June - 2004 - issue > Cover Feature

Information Security - An Issue for the Boardroom

Ratinder Paul Singh Ahuja
Monday, May 31, 2004
Ratinder Paul Singh Ahuja
In the last six months alone, major companies including Microsoft, Wells Fargo, BJ’s Wholesale Stores and, most recently, Cisco Systems, have had to deal with the growing costs of information security exposures. From intellectual property leaks to the incredible cases of identity theft, the costs and risks of these crimes are growing exponentially. The U.S. Federal Trade Commission estimates that identity theft costs U.S. consumers $5 billion and U.S. companies a whopping $48 billion. The U.S. Chamber of Commerce estimated that the Fortune 1000 lost $49 billion in intellectual property disclosures in 2003. In order to protect themselves and survive, companies must rapidly adopt what we in the security industry see evolving into a paradigm shift toward the adoption of emerging information security technologies. These technologies are information focused rather than network focused and can see for the first time, what information is leaving the company’s perimeter; rather than looking for attackers coming in.

Surprisingly, this adoption will not be pushed by technologists, although technologists will make the critical decisions about what products hitting the marketplace earn best-of-breed status. The adoption will be pushed by the Board of Directors, CEOs, and CFOs of publicly-traded companies who will make information security issues an inherent component of a company’s corporate governance policy.

The laundry list of regulations including but not limited to Gramm-Leach-Bliley Act, the Sarbanes-Oxley Act, the Health Insurance Portability and Accountability Act (HIPAA) and the California’s Database Protection Act of 2003 will force CEOs and Boards to adopt new information security technologies sooner than planned to protect the critical information exposures that directly affect not only a company’s bottom line; but also their customers and shareholders as well.

The list of regulations are creating what many of us in the security industry have been calling “the perfect storm” for CEOs and the Boards of more than 12,000 publicly-traded U.S. companies.
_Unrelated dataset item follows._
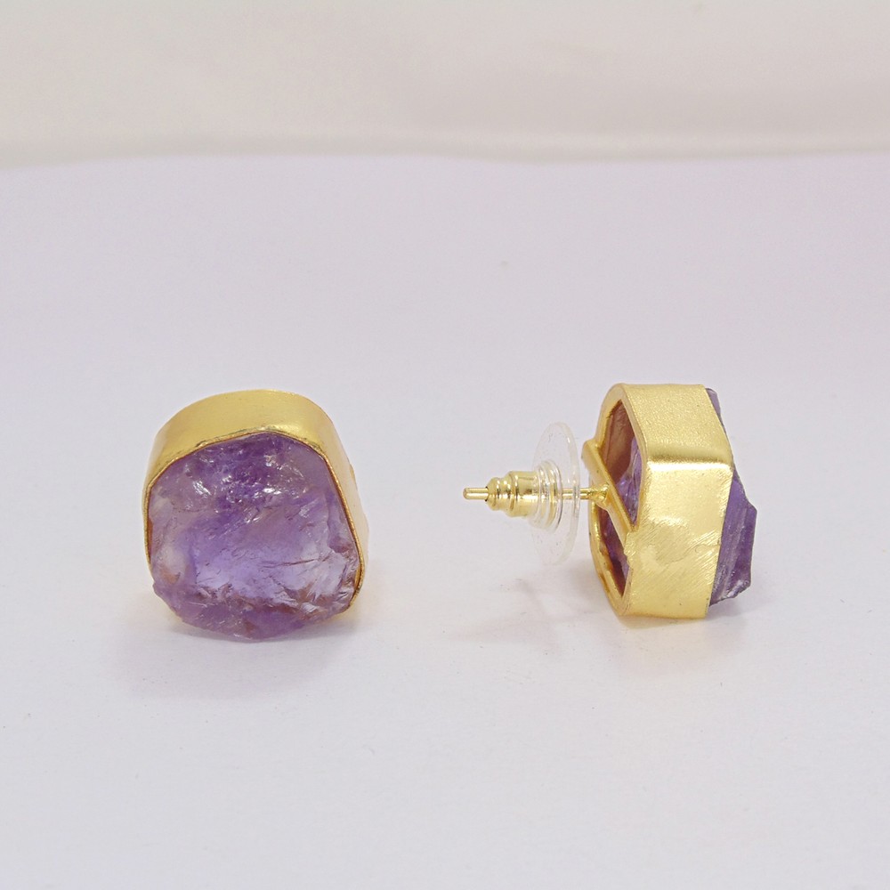 Designer Raw Amethyst Gemstone Post stud Earrings

As costs continue to rise over time—primarily due to litigation costs and the financial impacts of lost intellectual property and every day—the risk of a breach continues to skyrocket as the connected nature of electronic business grows. Today, entire industries are networked in complex supply chains, corporate networks, and offshore development. Ironically, the infrastructure that has enabled companies to communicate electronically for the past 20 years also represents one of the most significant threats to their success. Now more than ever, corporate leaders need to personally address critical security issues within their companies, because when compromised, the end result is a negative impact on a company’s brand, competitive advantage, public trust, company reputation, and shareholder equity. Companies simply can’t allow these things to impact their bottom lines.

Therefore, CEOs and Boards must begin to understand the capabilities of new emerging information security technologies which actually have the ability to focus on the information flowing within the corporation. I call this information the “intangible assets” that are so valuable to a company that we often do not see or even know if they have been sent out the back door. The protection of these assets has gone unnoticed for too long. From intellectual property, trade secrets, financial reporting information and competitive pricing to IPO or M&A information, these are the intangible assets that once leaked, prematurely diminish the market cap and eat away at shareholder equity.